Inverting the rhetoric of apocalypse to one of sublime hopefulness is a step in unmasking the contradictions in the apparent bind of peak-oil theory and its forecast of a collapsing energy budget. But it does not offer a tenable place to stand, because the very terms of peak-oil apocalypse foreclose the possibility of any such place. McHugh is entirely correct that the rhetoric of despair is largely unproductive, and that there is considerable rhetorical - and hence political - advantage in appealing to epicurean survivorship. But we must move beyond that and recognize that hope and despair are inextricably linked. They are defined in contrast to one another, opposing perspectives on the differentials of opportunities.3 The ground shifts continuously; hope and despair are visions of destinations that will change before we arrive at them. The solution is not to invest in either as a telos, but rather always regard them as masks for concepts that have not been adequately interrogated.
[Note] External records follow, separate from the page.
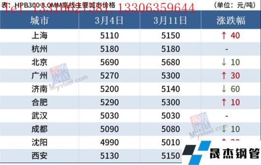 截至3月11日,全國(guó)主要城市20mm三級(jí)抗震螺紋鋼均價(jià)4952元/噸,周環(huán)比上漲6元/噸;8.0mmHPB300高線(xiàn)均價(jià)5164元/噸,周環(huán)比上漲3元/噸。
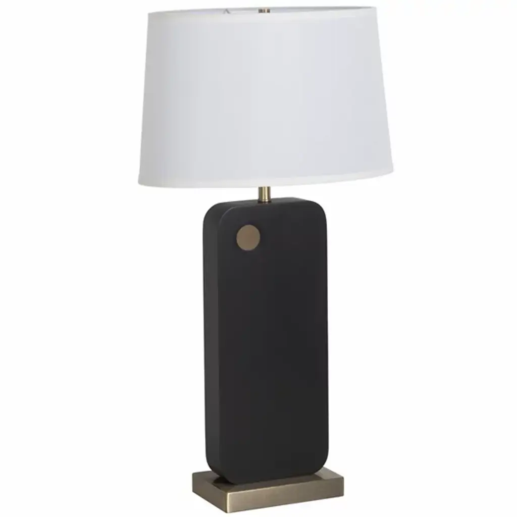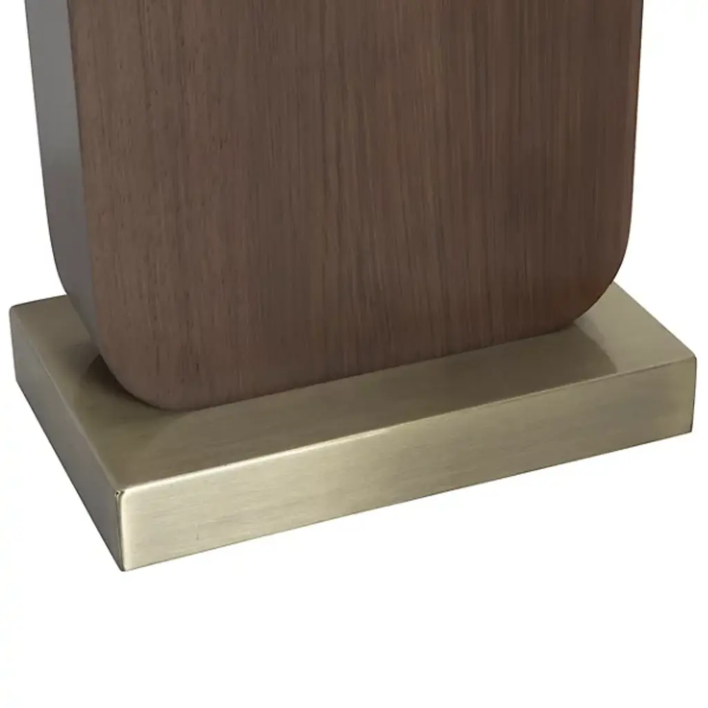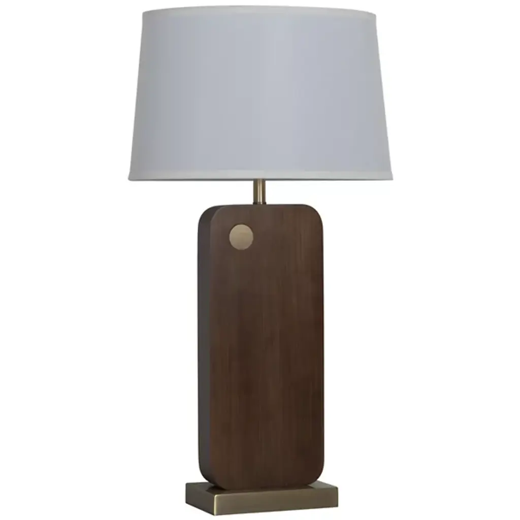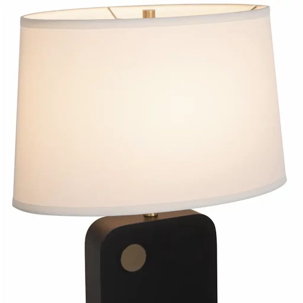 The Laurel Table Lamp from Nova of California introduces an innovative touch-sensitive control system integrated into its circular brass detail. The lamp's wooden body features architectural angles that create intriguing shadow patterns, while the rectangular linen shade provides balanced illumination. Smart technology enables voice control through various home automation platforms, and the lamp's proportions make it perfect for bedside tables and living spaces.
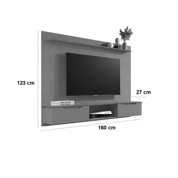 O Painel Macau para TV até 65" - 1,60 m foi desenvolvido para trazer modernidade, organização e sofisticação à sua sala. Seu design conta com portas basculantes, prateleira funcional e acabamentos laqueados que elevam o visual do ambiente. É a escolha ideal para quem busca praticidade e estilo no mesmo produto.

1. It's a convention of the genre - the rhetoric essay - to begin with disclaimers: the "errors are mine" confession following acknowledgements, the demurrals of incompleteness and imprecision that accompany theoretical generalizations, and the like. I prefer to find more novel ways to undermine my own argument at the outset and proleptically deflect rebuttal.

2. These would apparently include, say, hiking in the mountains - which I believe McHugh mentioned specifically - and not, say, reality television. We should not discount the real joy of finding food before succumbing to starvation, or of recovering from illness without the crutch of scientific medicine.

3. And it is of course that difference which defines wealth, and so grounds capitalism. The epicurean-survivor triumph is only meaningful as long as it can be contrasted with an alternative, less-desirable state of affairs.